I have a big integer value which I need to convert into date time in (yyyy-mm-dd hr:ss:mss)
BigInteger sum= new BigInteger("2023062223380346");
// long unixSeconds = 1429582984839;
Date date1 = new Date(sum);
SimpleDateFormat sdf = new SimpleDateFormat("MM/dd/yyyy h:mm:ss a");
sdf.setTimeZone(TimeZone.getTimeZone("GMT+1"));
String formattedDate = sdf.format(date1);
System.out.println(formattedDate);
Expected output- 2023-06-22 23:38:03:466
LocalDateTime
.parse(
"20230622233803466" ,
DateTimeFormatter.ofPattern ( "uuuuMMddHHmmssSSS" )
)
.toString()
.replace( "T" , " " )
2023-06-22 23:38:03.466
You are using terrible legacy date-time classes were years ago supplanted by the modern java.time classes defined in JSR 310. Always use java.time classes for your date-time handling.

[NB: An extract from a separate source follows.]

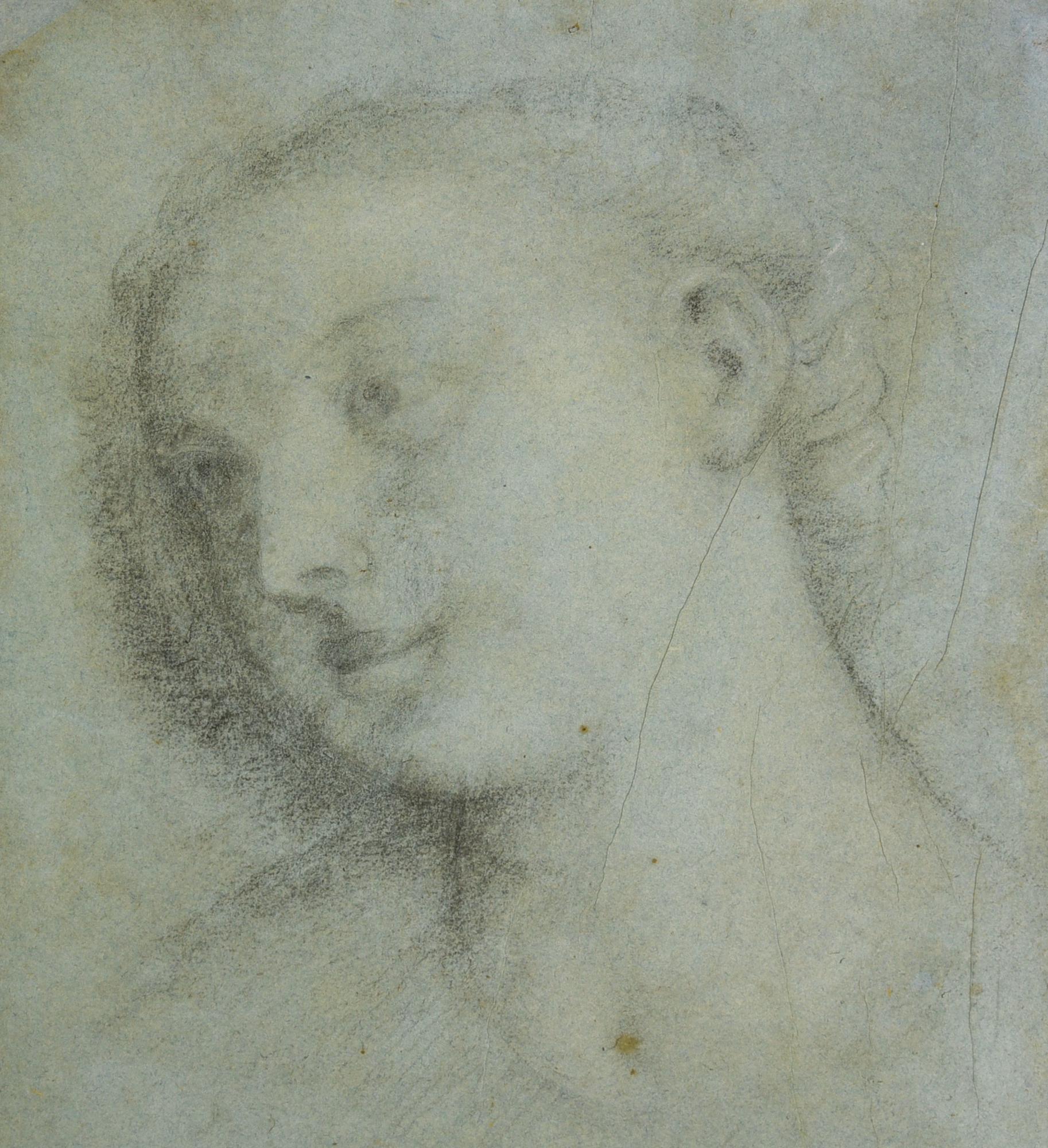 Scuola italiana del XVII secolo VOLTO FEMMINILE matita su carta vergellata e...

I assume your example input string "2023062223380346"
is a typo, as it is missing a digit on the end when compared to your desired output 2023-06-22 23:38:03:466
.
Define a formatting pattern to match your input.
String input = "20230622233803466";
DateTimeFormatter f = DateTimeFormatter.ofPattern ( "uuuuMMddHHmmssSSS" );
Parse as a LocalDateTime
, a date with time of day but lacking the context of a time zone or offset-from-UTC.

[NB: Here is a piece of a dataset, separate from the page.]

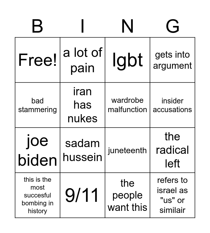 This bingo card has 16 words: this is the most succesful bombing in history, 9/11, lgbt, gets into argument, bad stammering, a lot of pain, juneteenth, the radical left, Free!, iran has nukes, the people want this, insider accusations, joe biden, sadam hussein, wardrobe malfunction and refers to israel as "us" or similair.

LocalDateTime ldt = LocalDateTime.parse( input , f ) ;
Generate text in standard ISO 8601 format.
String iso8601 = ldt.toString() ;
Replace the T
in the middle with a SPACE, per your desired output.

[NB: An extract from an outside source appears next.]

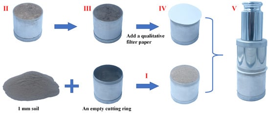 Soil porosity was measured by the cutting-ring method []. A cutting ring of 100 cm3 (diameter 5.05 cm, height 5.00 cm) was used to collect the undisturbed soil in the 0–0.3 m profile. At the same time, the additional soil in the same nearby layer was taken into a valve bag, 140 g of which was loaded into a 100 cm3 empty cutting ring after air-drying and passing through a 1 mm sieve (Figure 3I). The cutting ring with the undisturbed soil sample was brought back to the laboratory, and the soil outside the cutting ring was wiped. After removing the top nonporous lid, the cutting ring with the undisturbed soil covered with the bottom mash lid (Figure 3II) was placed into a plastic box (height 0.1 m) covered with gauze. Then, water was slowly added from the edge of the plastic box to a level slightly lower than the upper surface of the cutting ring, so that the undisturbed soil was fully saturated with water (Figure 3III). The top nonporous lip was covered on the cutting ring with the water-saturated undisturbed soil sample, the bottom mash lid was removed, and a layer of qualitative filter paper was immediately attached to the bottom (Figure 3IV) and placed on the cutting ring with the soil. The edges of the two cutting rings were neatly placed together and compacted with an approximately 2 kg weight to put them into close contact (Figure 3V). After the gravity water was completely discharged, the weight of the cutting ring with the undisturbed soil sample was measured and recorded as M1. After that, the cutting ring with the undisturbed soil sample was placed in an electrothermal blow-drying oven at 105 °C to dry it to a constant weight, which was recorded as M2. Finally, the undisturbed soil within the cutting ring was removed and wiped clean, and the weight of the empty cutting ring was recorded as M0. Based on the above data, Pt, Pa, and Pc were calculated using Equations (1), (3) and (5), respectively, by Zou et al. [].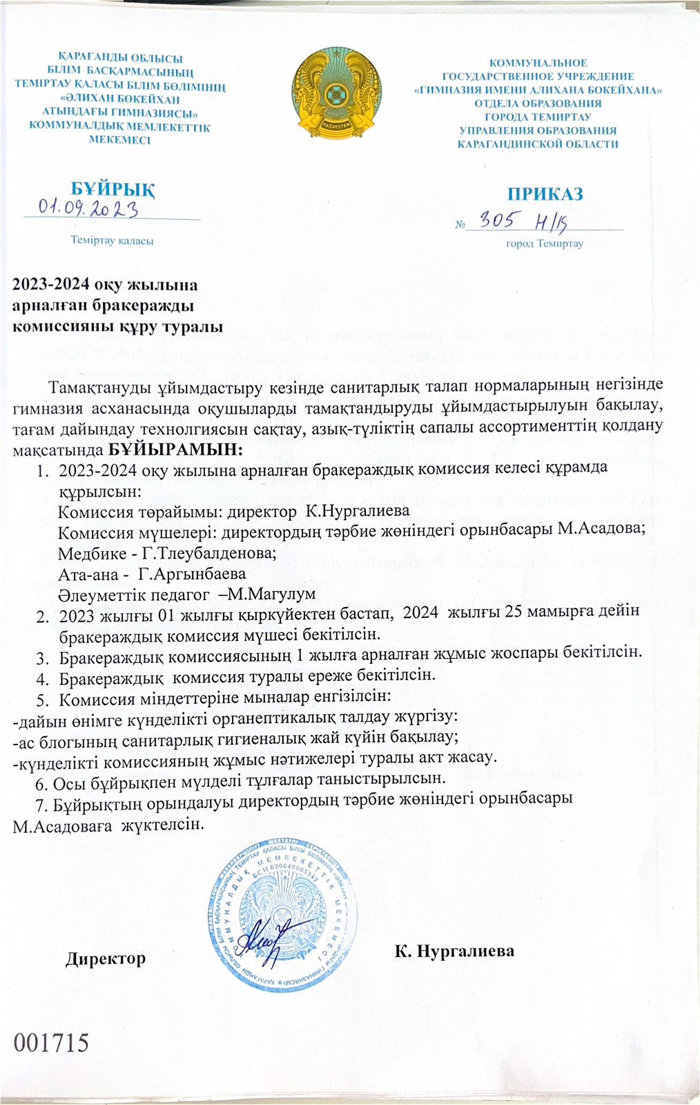 2023-2024 оқу жылындағы бракераждық комиссия құрамы.

String output = iso8601.replace( "T" , " " ) ;
See this code run at Ideone.com.
iso8601 = 2023-06-22T23:38:03.466
output = 2023-06-22 23:38:03.466
Apparently you want to interpret this as representing a moment in a specific time zone. Use time zone names rather than assuming an offset. Offsets can vary for different periods of time — that is the definition of a time zone, a named history of the past, present, and future changes to the offset used by the people of a particular region as decided by their politicians.
ZoneId z = ZoneId.of( "Europe/London" ) ;
ZonedDateTime zdt = ldt.atZone( z ) ;
zdt.toString() = 2023-06-22T23:38:03.466+01:00[Europe/London]
Tip: Educate the publisher of your data about the benefits of using standard ISO 8601 formats when communicating date-time values textually.